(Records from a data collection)
+ + +

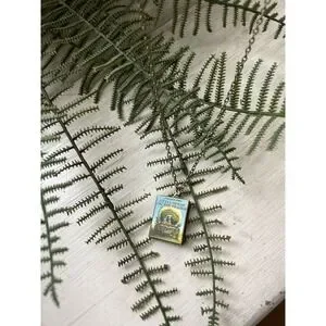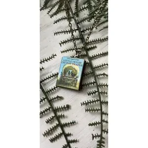 This is a handcrafted necklace featuring a charm locket with a book-shaped pendant. The pendant is inspired by the TV show "Little House on the Prairie" and celebrates its 50th anniversary. The necklace has an adjustable length of 20 inches and a hook closure. The multicolor pendant is designed with an inspirational theme and is made in the United States. The chain type is book-shaped.
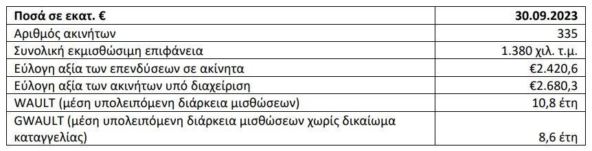 Την 30 Σεπτεμβρίου 2023, το χαρτοφυλάκιο του ομίλου αποτελείτο συνολικά από 376 (31 Δεκεμβρίου 2022: 381) ακίνητα (κυρίως καταστήματα και γραφεία) συνολικής εκμισθώσιμης επιφάνειας περίπου 1.447 χιλ. τ.μ. Τριακόσια είκοσι τρία (323) από αυτά τα ακίνητα βρίσκονται στην Ελλάδα, εκ των οποίων τα περισσότερα από αυτά βρίσκονται σε περιοχές υψηλής προβολής και εμπορικότητας. Επίσης, είκοσι τέσσερα (24) ακίνητα βρίσκονται στην Κύπρο, είκοσι πέντε (25) ακίνητα στην Ιταλία, δύο (2) ακίνητα στη Βουλγαρία και δύο (2) ακίνητα στη Ρουμανία.
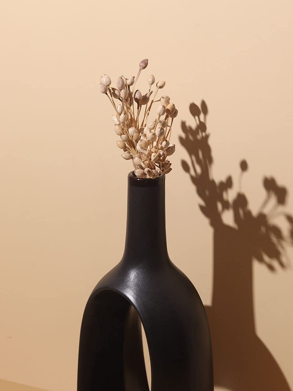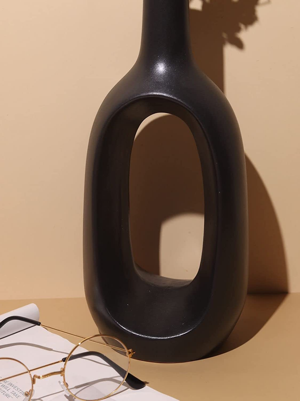 Craftribal Hollow Minimalist Flower Vase, Matte Finish, 12 Inches (Black), Ceramic
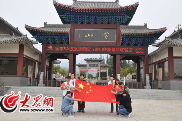 蒙山青年志愿者在龜蒙景區與國旗合影,為中國點贊。
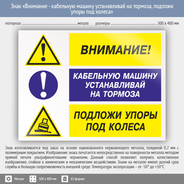 Знак «Внимание - кабельную машину устанавливай на тормоза, подложи упоры под колеса», КЗ-12 (металл, 400х300 мм) в Москве купить
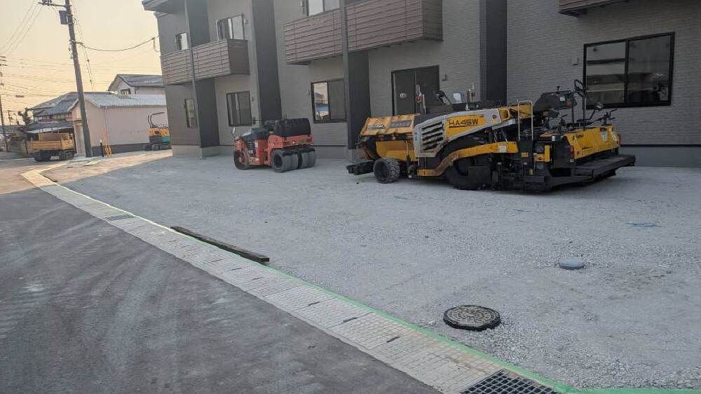 アスファルトの下地工事が行われています。
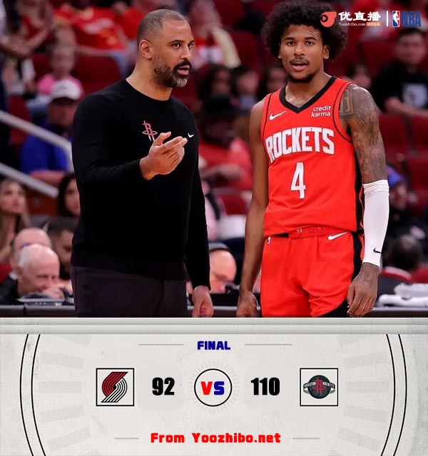 24直播网3月26日讯 NBA常规赛火箭主场迎战开拓者,最近火箭势头凶猛豪取一波8连胜只落后第十的勇士1个胜场,开拓者最近遭遇6连败依旧是在西部倒数第二,本场比赛西蒙斯和艾顿缺阵。开场后开拓者先声夺人取得领先,火箭主将手感不佳,但兰代尔表现出色,他内外开花频频砍分帮助火箭追上并将比分反超。第二节火箭进攻表现更加糟糕,开拓者趁机夺回领先。易边再战,虽然范弗里特依旧失误不断,但杰伦-格林找到状态带领火箭掀起攻势再次将比分反超。最后一节火箭牢牢占据场上优势,最终火箭110-92击败开拓者豪取9连胜只落后勇士0.5个胜场,开拓者遭遇7连败。
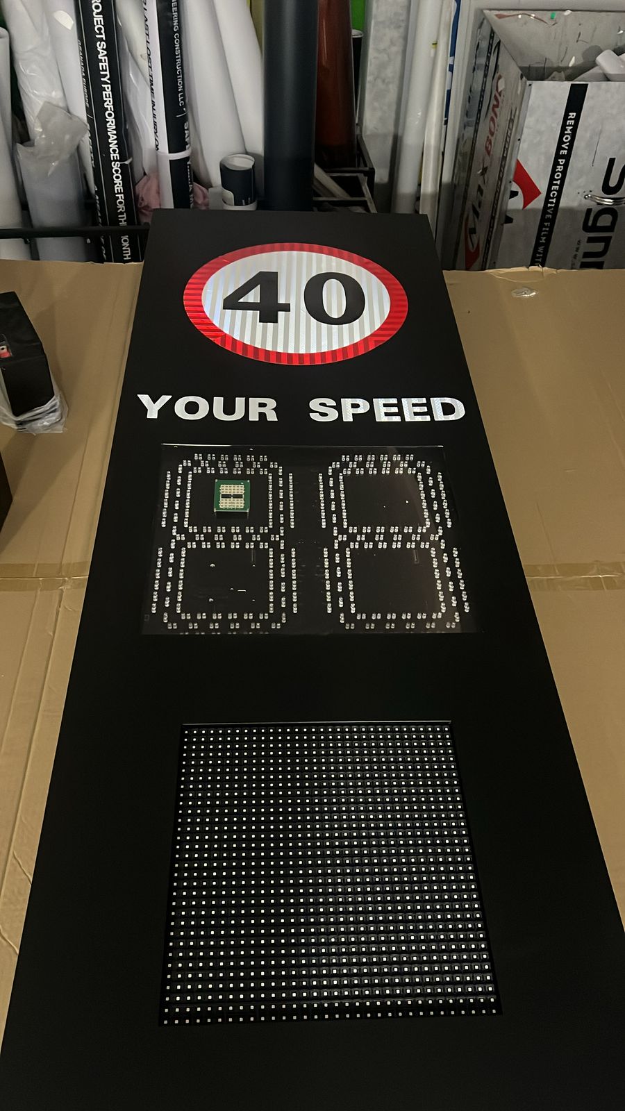 Speed Display: The vehicle’s speed is displayed on the LED sign. If the vehicle is within the speed limit, a green number and a green smiley face appear.
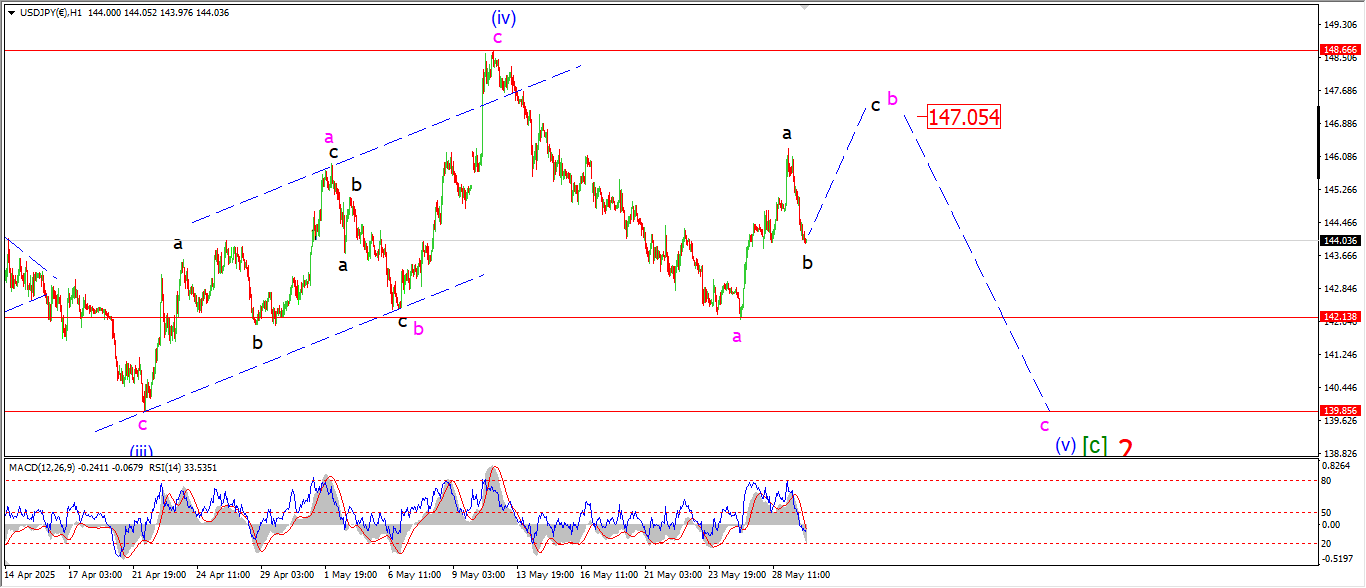 USDJPY turned lower into wave ‘b’ today which puts this new pattern on track again.
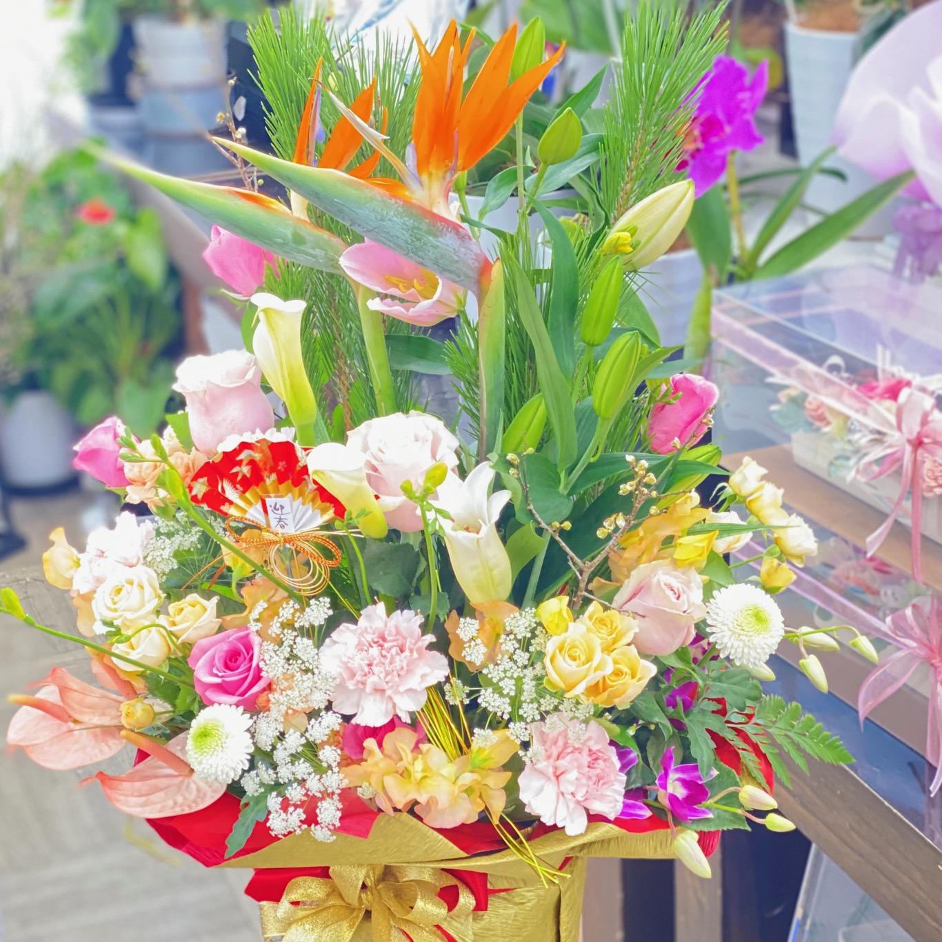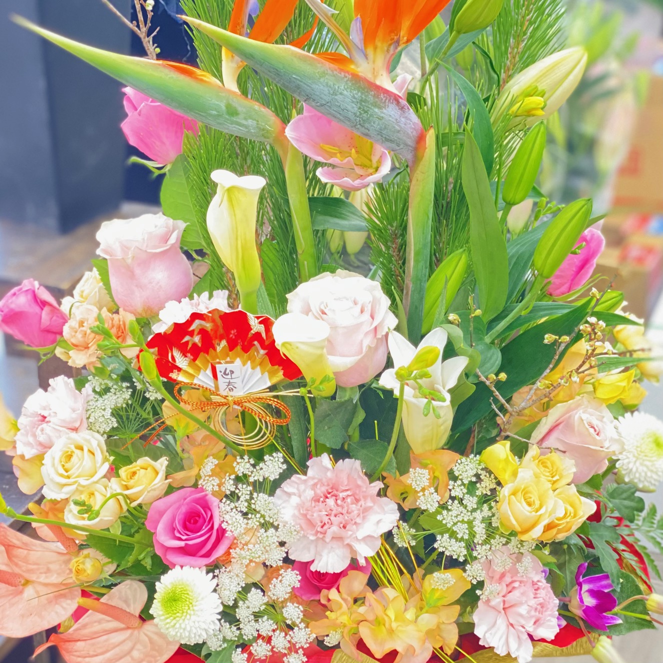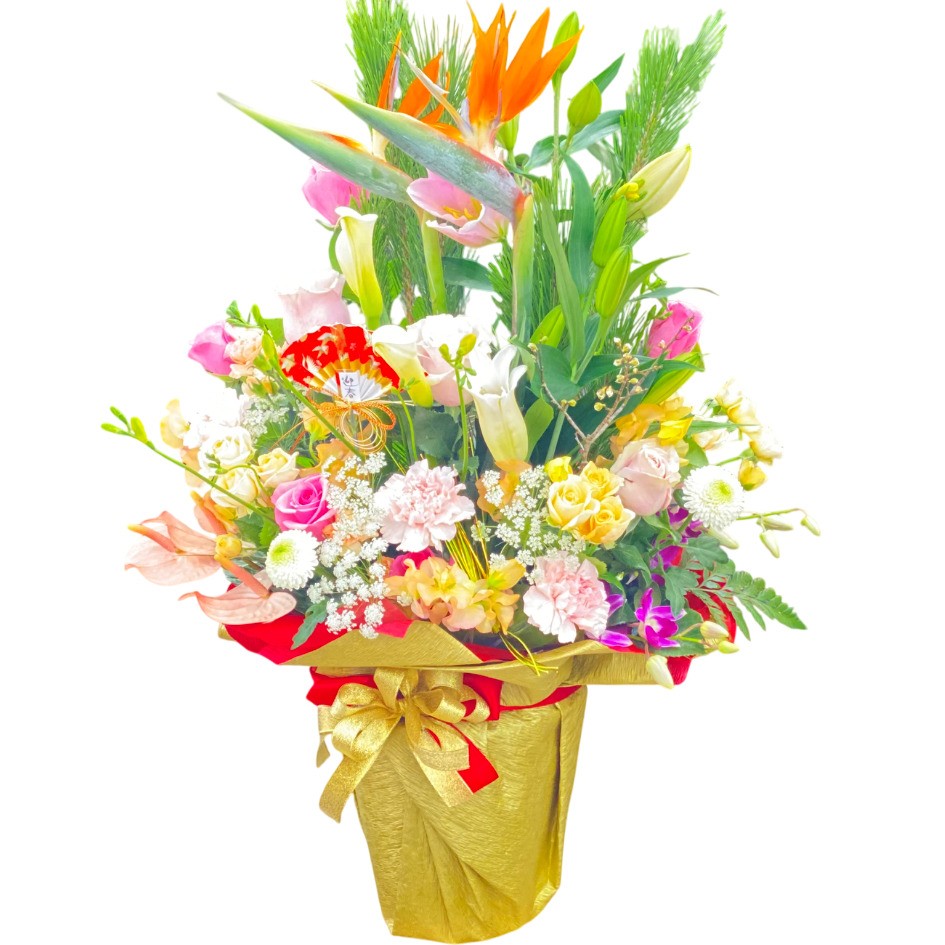 花材: メイン 松、千両、ストレチア(極楽鳥花)、マム、デンファレ、カーネーション、アンスリウムなど その他 季節のお花、葉物類など
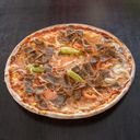 Tomatsås, ost, lök, färska tomater, feferoni, kebabkött (nötkött), kebabsås stark och vitlökssås.
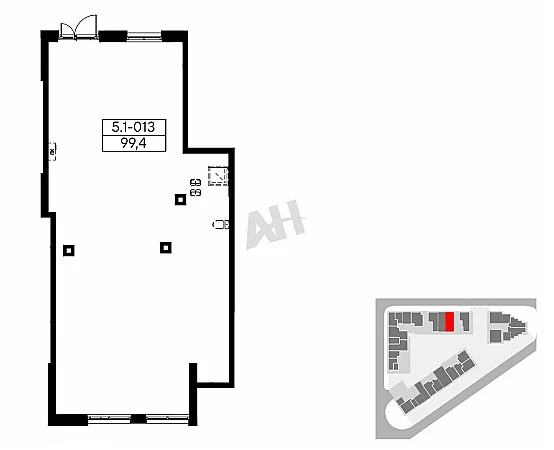 Лот №920846 Делимся комиссией с коллегами! Предлагается к приобретению помещение общей площадью 99,4 м², предназначенное для свободного использования. Высота потолков составляет 4,41 метра, что создает дополнительные возможности для планировки. Электроснабжение объекта обеспечивается разрешенной мощностью 19,9 кВт.

+ + +

*ASSIGNMENT*: For this exercise, write out exactly the lines from the one with "花材: メイン 松、千両、ストレチア(極楽鳥花)、マム、デンファレ、カーネーション、アンスリウムなど" through the last line of the records, inclusive, and leave each picture out.

*ANSWER*:
 花材: メイン 松、千両、ストレチア(極楽鳥花)、マム、デンファレ、カーネーション、アンスリウムなど その他 季節のお花、葉物類など
 Tomatsås, ost, lök, färska tomater, feferoni, kebabkött (nötkött), kebabsås stark och vitlökssås.
 Лот №920846 Делимся комиссией с коллегами! Предлагается к приобретению помещение общей площадью 99,4 м², предназначенное для свободного использования. Высота потолков составляет 4,41 метра, что создает дополнительные возможности для планировки. Электроснабжение объекта обеспечивается разрешенной мощностью 19,9 кВт.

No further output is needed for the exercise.